▶ **What the task asks**: Everything from the line with "6月14日,为庆祝首个文明对" down to the line with "Per donna Maglietta" below must be printed exactly, those two lines included. Exclude pictures.
*-*-*
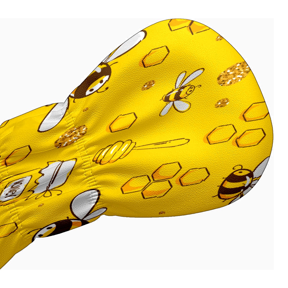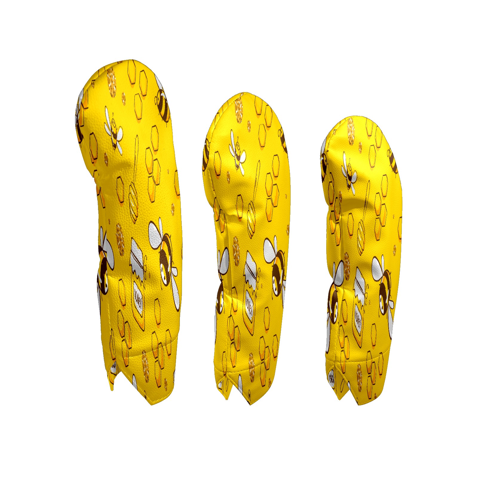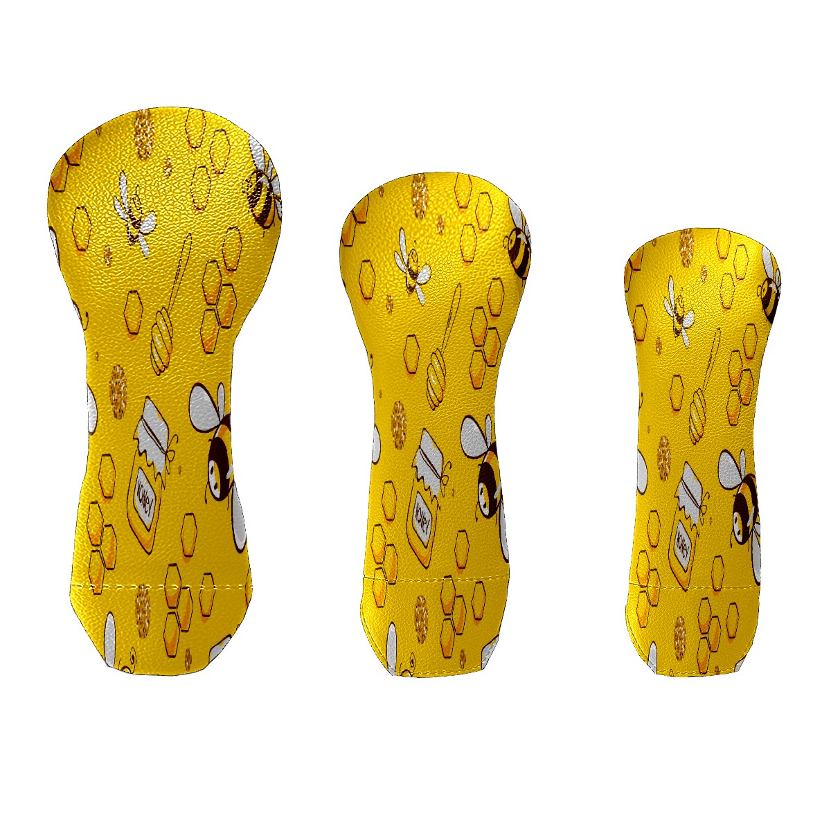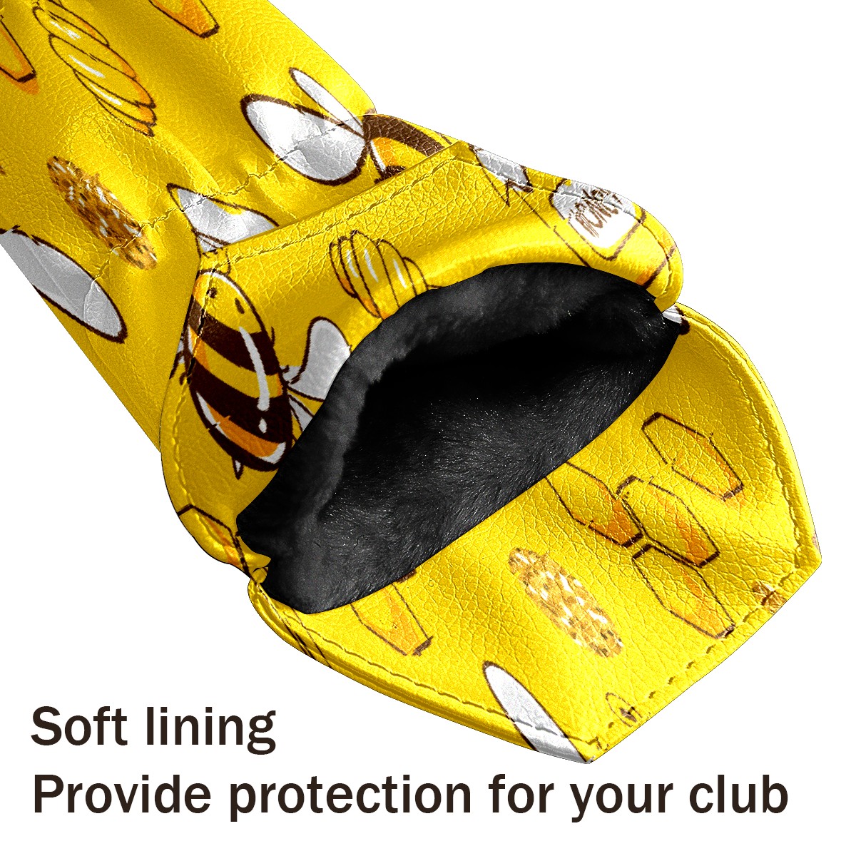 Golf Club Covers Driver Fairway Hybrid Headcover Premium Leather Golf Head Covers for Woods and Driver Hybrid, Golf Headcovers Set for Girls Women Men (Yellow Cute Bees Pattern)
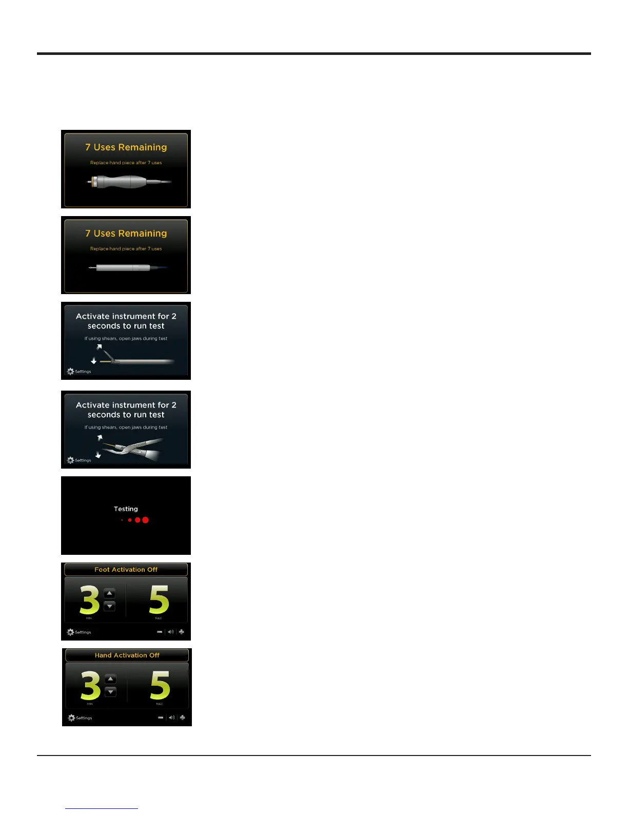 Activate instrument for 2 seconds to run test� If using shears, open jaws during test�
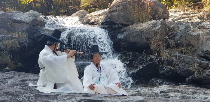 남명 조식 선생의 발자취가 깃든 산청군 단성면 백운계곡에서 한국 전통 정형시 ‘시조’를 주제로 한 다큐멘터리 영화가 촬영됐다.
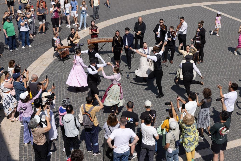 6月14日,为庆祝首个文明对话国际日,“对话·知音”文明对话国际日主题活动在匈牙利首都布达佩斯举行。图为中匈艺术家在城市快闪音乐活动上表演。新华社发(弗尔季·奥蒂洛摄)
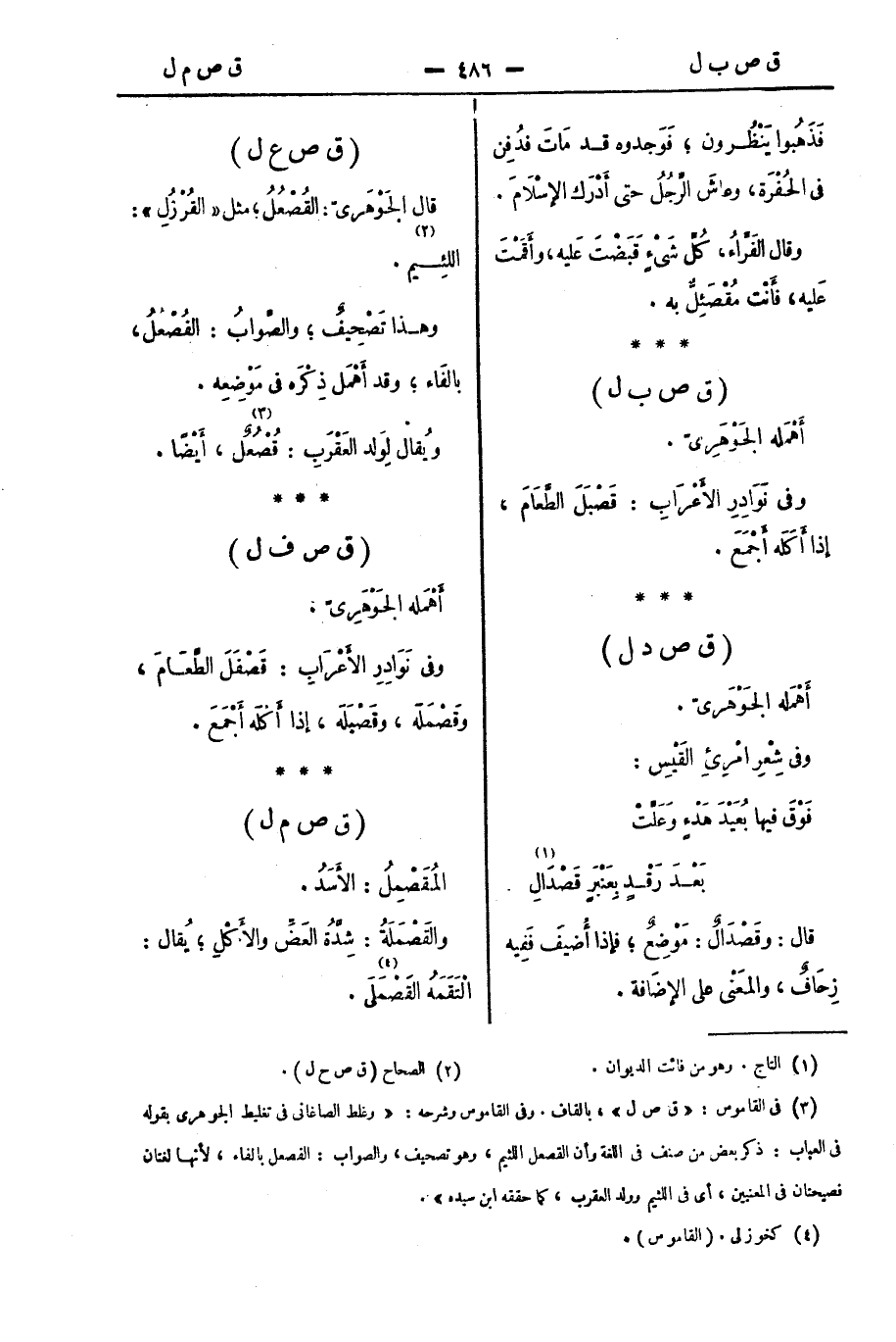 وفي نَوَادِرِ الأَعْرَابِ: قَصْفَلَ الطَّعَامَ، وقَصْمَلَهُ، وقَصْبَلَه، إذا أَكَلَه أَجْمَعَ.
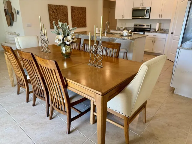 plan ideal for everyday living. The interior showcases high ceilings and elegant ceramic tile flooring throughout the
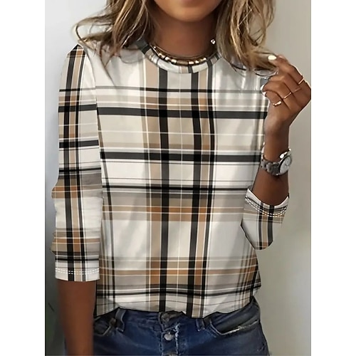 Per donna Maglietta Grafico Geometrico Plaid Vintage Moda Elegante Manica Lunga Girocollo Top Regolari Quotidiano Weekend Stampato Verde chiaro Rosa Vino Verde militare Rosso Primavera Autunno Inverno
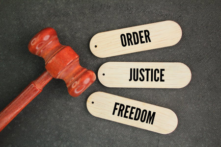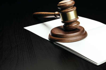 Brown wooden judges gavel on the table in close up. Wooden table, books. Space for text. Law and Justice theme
*-*-*
▶ **Answer box**:
 6月14日,为庆祝首个文明对话国际日,“对话·知音”文明对话国际日主题活动在匈牙利首都布达佩斯举行。图为中匈艺术家在城市快闪音乐活动上表演。新华社发(弗尔季·奥蒂洛摄)
 وفي نَوَادِرِ الأَعْرَابِ: قَصْفَلَ الطَّعَامَ، وقَصْمَلَهُ، وقَصْبَلَه، إذا أَكَلَه أَجْمَعَ.
 plan ideal for everyday living. The interior showcases high ceilings and elegant ceramic tile flooring throughout the
 Per donna Maglietta Grafico Geometrico Plaid Vintage Moda Elegante Manica Lunga Girocollo Top Regolari Quotidiano Weekend Stampato Verde chiaro Rosa Vino Verde militare Rosso Primavera Autunno Inverno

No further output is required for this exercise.